As an exercise in exact copying, transcribe the lines below from the one holding "Biedkowo-Osada – blok mieszkalny" through the last, with both ends included and pictures left out.

── Extracted data ──

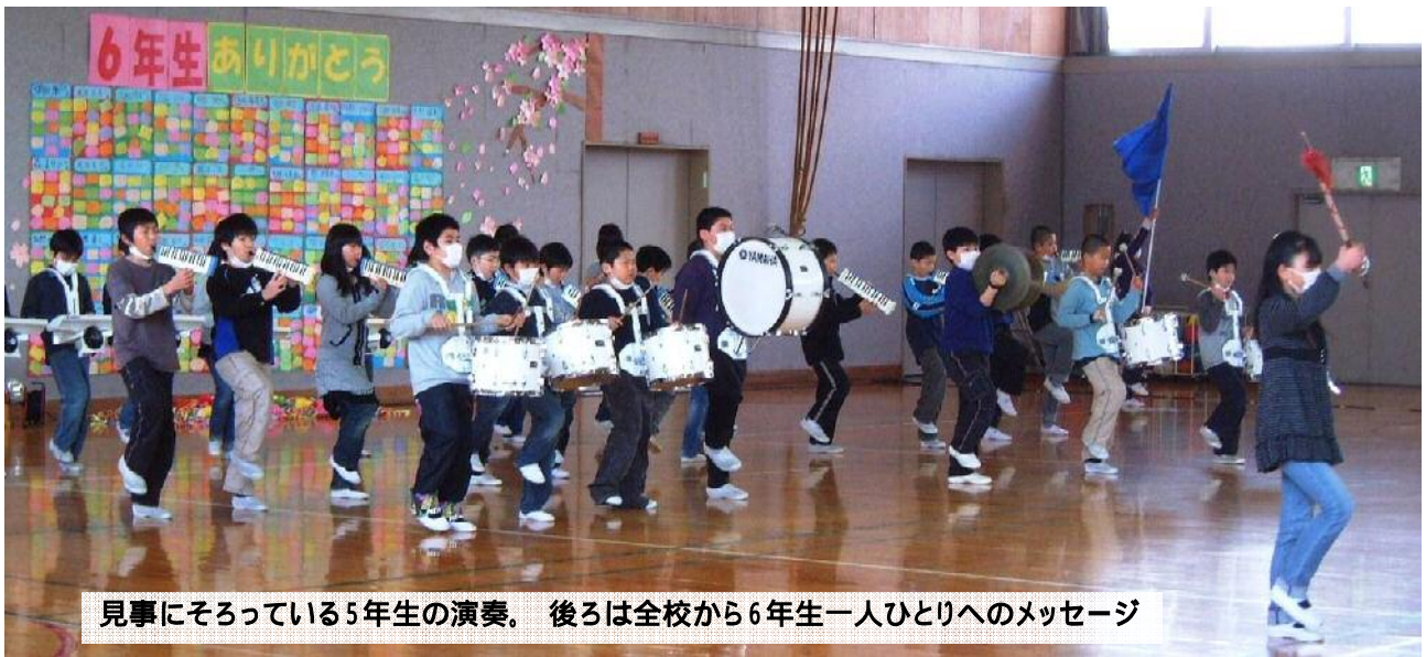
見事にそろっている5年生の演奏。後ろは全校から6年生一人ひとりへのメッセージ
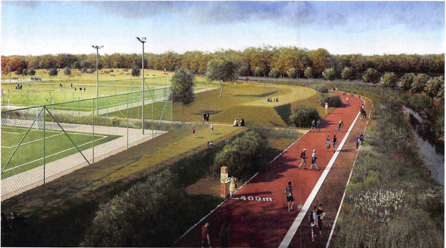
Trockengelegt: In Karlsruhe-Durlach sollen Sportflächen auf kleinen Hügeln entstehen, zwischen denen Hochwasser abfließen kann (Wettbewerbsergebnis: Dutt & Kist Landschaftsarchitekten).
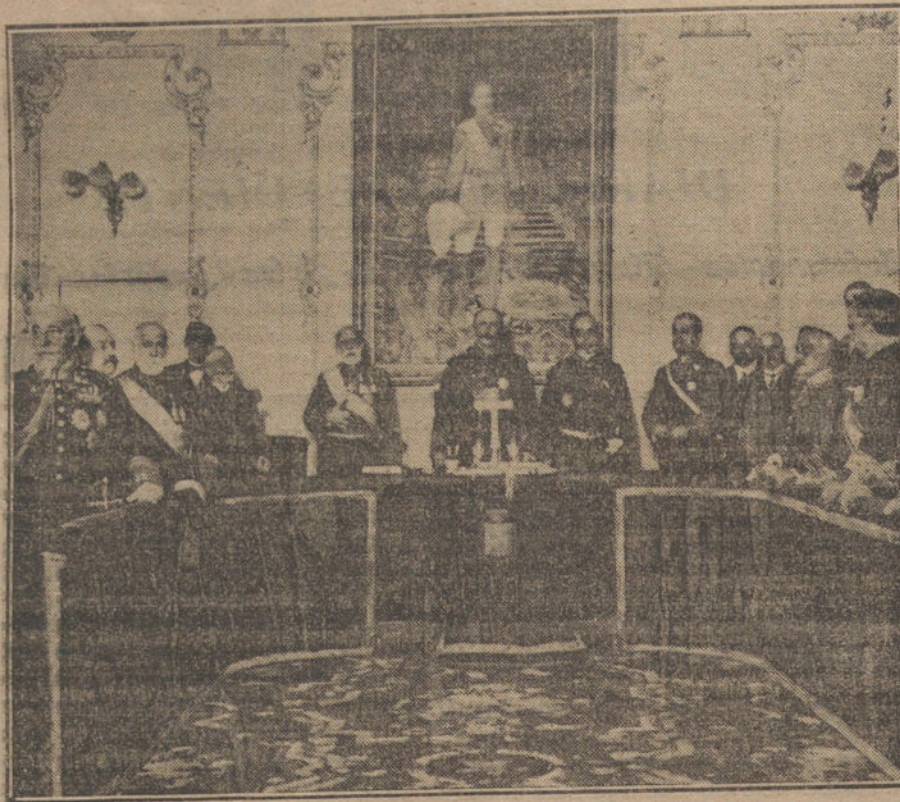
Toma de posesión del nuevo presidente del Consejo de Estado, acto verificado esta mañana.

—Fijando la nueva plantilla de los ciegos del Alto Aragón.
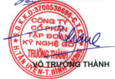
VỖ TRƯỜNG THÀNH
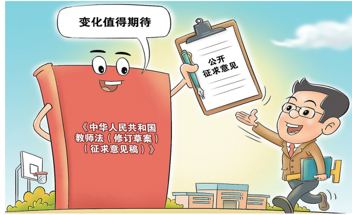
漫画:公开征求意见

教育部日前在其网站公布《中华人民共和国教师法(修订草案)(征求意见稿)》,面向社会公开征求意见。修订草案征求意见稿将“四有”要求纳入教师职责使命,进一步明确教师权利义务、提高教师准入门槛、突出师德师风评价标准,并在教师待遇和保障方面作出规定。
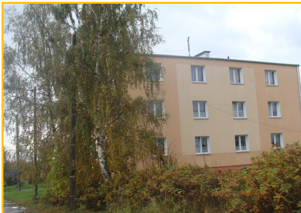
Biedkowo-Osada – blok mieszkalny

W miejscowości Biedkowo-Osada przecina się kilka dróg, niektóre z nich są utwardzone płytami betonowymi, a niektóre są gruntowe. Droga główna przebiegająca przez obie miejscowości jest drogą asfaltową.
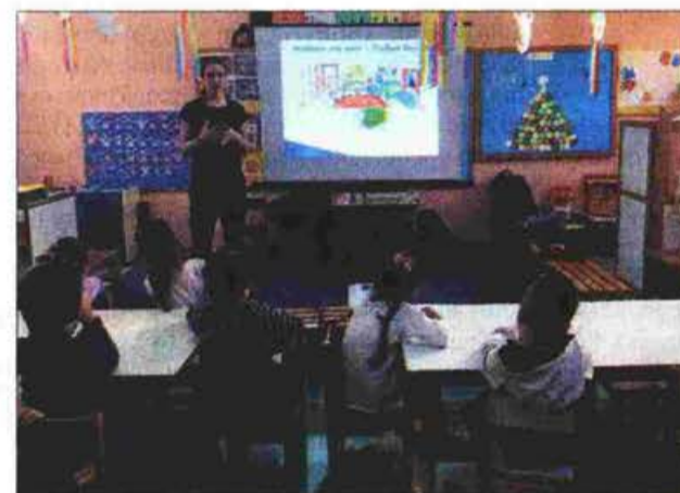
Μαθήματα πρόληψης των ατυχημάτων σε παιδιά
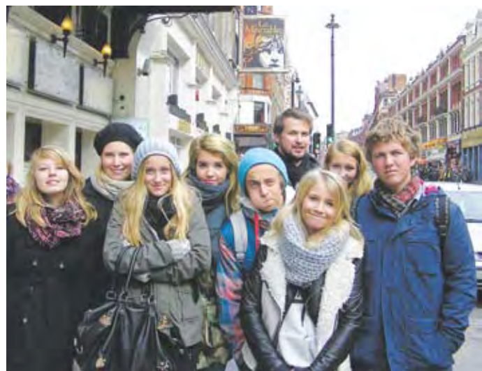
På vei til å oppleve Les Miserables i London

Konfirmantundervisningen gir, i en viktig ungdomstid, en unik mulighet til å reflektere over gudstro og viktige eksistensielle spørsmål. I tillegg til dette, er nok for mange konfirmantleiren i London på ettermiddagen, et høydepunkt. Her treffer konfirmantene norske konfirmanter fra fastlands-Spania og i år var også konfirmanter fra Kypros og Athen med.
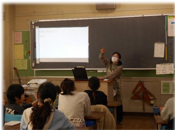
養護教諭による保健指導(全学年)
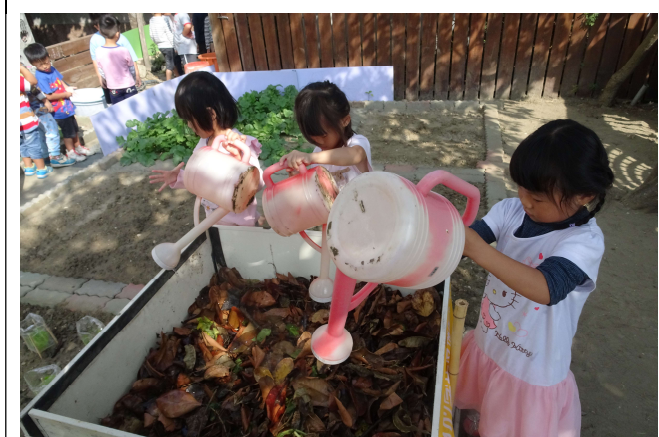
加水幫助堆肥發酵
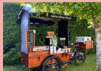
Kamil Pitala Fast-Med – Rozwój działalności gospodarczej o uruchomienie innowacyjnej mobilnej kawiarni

───

Written response =>
Biedkowo-Osada – blok mieszkalny

W miejscowości Biedkowo-Osada przecina się kilka dróg, niektóre z nich są utwardzone płytami betonowymi, a niektóre są gruntowe. Droga główna przebiegająca przez obie miejscowości jest drogą asfaltową.
Μαθήματα πρόληψης των ατυχημάτων σε παιδιά
På vei til å oppleve Les Miserables i London

Konfirmantundervisningen gir, i en viktig ungdomstid, en unik mulighet til å reflektere over gudstro og viktige eksistensielle spørsmål. I tillegg til dette, er nok for mange konfirmantleiren i London på ettermiddagen, et høydepunkt. Her treffer konfirmantene norske konfirmanter fra fastlands-Spania og i år var også konfirmanter fra Kypros og Athen med.
養護教諭による保健指導(全学年)
加水幫助堆肥發酵
Kamil Pitala Fast-Med – Rozwój działalności gospodarczej o uruchomienie innowacyjnej mobilnej kawiarni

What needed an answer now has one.